Netflix mette a segno un altro
film che fa pensare. È la storia vera delle sorelle Sarah e Yusra
Mardini, giovani nuotatrici siriane
che, allo scoppio della guerra civile nel loro Paese, nel 2015, fuggono da Damasco alla volta della
Germania per poter continuare a
inseguire il sogno di partecipare ai
Giochi Olimpici di Rio 2016 e nel
contempo salvare l’intera famiglia
dalla guerra incalzante.
La trama del film è semplice, ma
il viaggio che affrontano Sarah e
Yusra per arrivare in Germania è
pieno di pericoli e insidie. La regista
Sally El Hoseini riesce a prendere
per mano lo spettatore e a fargli
compiere il medesimo viaggio della
speranza compiuto dalle protagoniste, con una narrazione pulita che
non indulge nel particolare cruento
o nel compiacimento per la sofferenza, senza però nascondere nulla
dei traumi, delle paure e dei rischi
che le due giovani devono affrontare per sopravvivere e arrivare in
Europa. Il viaggio di Sarah e Yusra
parte dalla Siria, passa per la Turchia chia, dove le due ragazze insieme
ad altri venti compagni pagano la
traversata per raggiungere le coste
dell’isola di Lesbo, in Grecia, su
un rattoppato gommoncino che
si guasta in mezzo al mare, dove
rischiano di affogare.

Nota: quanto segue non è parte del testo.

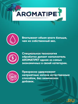 Информация о составе и ингредиентах, цветовом решении, технических и иных характеристиках, стране-изготовителе, внешнем виде и комплекте поставки товара носит справочный характер и основана на последних доступных к моменту публикации сведениях. Доставка данного товара осуществляется во все регионы РФ.AromatiPet производят древесный наполнитель по особой технологии, благодаря которой:

Sarà proprio
l’abilità natatoria delle ragazze,
che affrontano mezza traversata in
acqua per spingere la fragile imbarcazione, a salvare tutti i migranti
e a farli sbarcare sulle coste greche.
Da qui il viaggio continua con altre
drammatiche tappe attraverso la rotta balcanica, fino
all’arrivo in Germania.
Una volta in Europa,
dopo mesi trascorsi
in un centro di accoglienza, Sarah e Yusra
riescono a riprendere
l’attività atletica grazie all’incontro con Sven
Spannekrebs, un allenatore
di nuoto che lavora nella piscina
adiacente al centro e che si rende
conto subito del loro talento, soprattutto della più giovane, Yusra.
Selezionata per partecipare alle
gare di Rio 2016 per la squadra dei
rifugiati, Yusra corona il sogno di
partecipare alle Olimpiadi, ma ancora di più di diventare ambasciatrice delle drammatiche storie di
tutti coloro che si trovano a dover
affrontare un duro viaggio che li
sradica dalla patria per sfuggire a
un destino di povertà e di morte.
Il viaggio geografico delle sorelle
Mardini si accompagna al loro percorso interiore: il film è particolarmente attento a raccontare le relazioni e a mettere in luce come solo
attraverso di esse diventa possibile
salvare l’essenza dell’umano, anche nelle circostanze meno favorevoli.
Il rapporto tra le due sorelle e con
la loro famiglia; il rapporto con i
vari compagni di strada; quello con
l’allenatore e con le persone del
centro di accoglienza, ci portano
all’interno di un viaggio personale
che consente alle due ragazze,
ognuna secondo la sua personalità, di crescere e diventare una
giovane donna protagonista della
propria vita.
Se infatti Yusra incarna lo spirito olimpico, Sarah diventa
invece una paladina di
giustizia e si dedica ad
aiutare tutti i migranti
che come lei sono
sbarcati sull’isola di
Lesbo nel tentativo di
raggiungere l’Europa.
Come ha affermato Yusra in un’intervista
rilasciata in qualità di ambasciatrice dell’UNHCR, «Non c’è da
vergognarsi nell’essere un rifugiato
se ricordiamo chi siamo. Siamo
ancora i medici, gli ingegneri, gli
avvocati, gli insegnanti, gli studenti
che eravamo quando ci trovavamo
nelle nostre case. Siamo ancora
madri e padri, fratelli e sorelle.
Sono state la guerra e le persecuzioni a costringerci ad abbandonare le nostre case per cercare la
pace. Questo vuol dire essere un
rifugiato. Ecco chi sono io. Ecco chi
siamo tutti noi, quella popolazione
senza patria che cresce di giorno in
giorno. Sono una rifugiata e sono
orgogliosa di battermi per la pace,
l’onore e la dignità di tutti coloro
che fuggono dalla violenza. Unitevi
a me. State dalla nostra parte».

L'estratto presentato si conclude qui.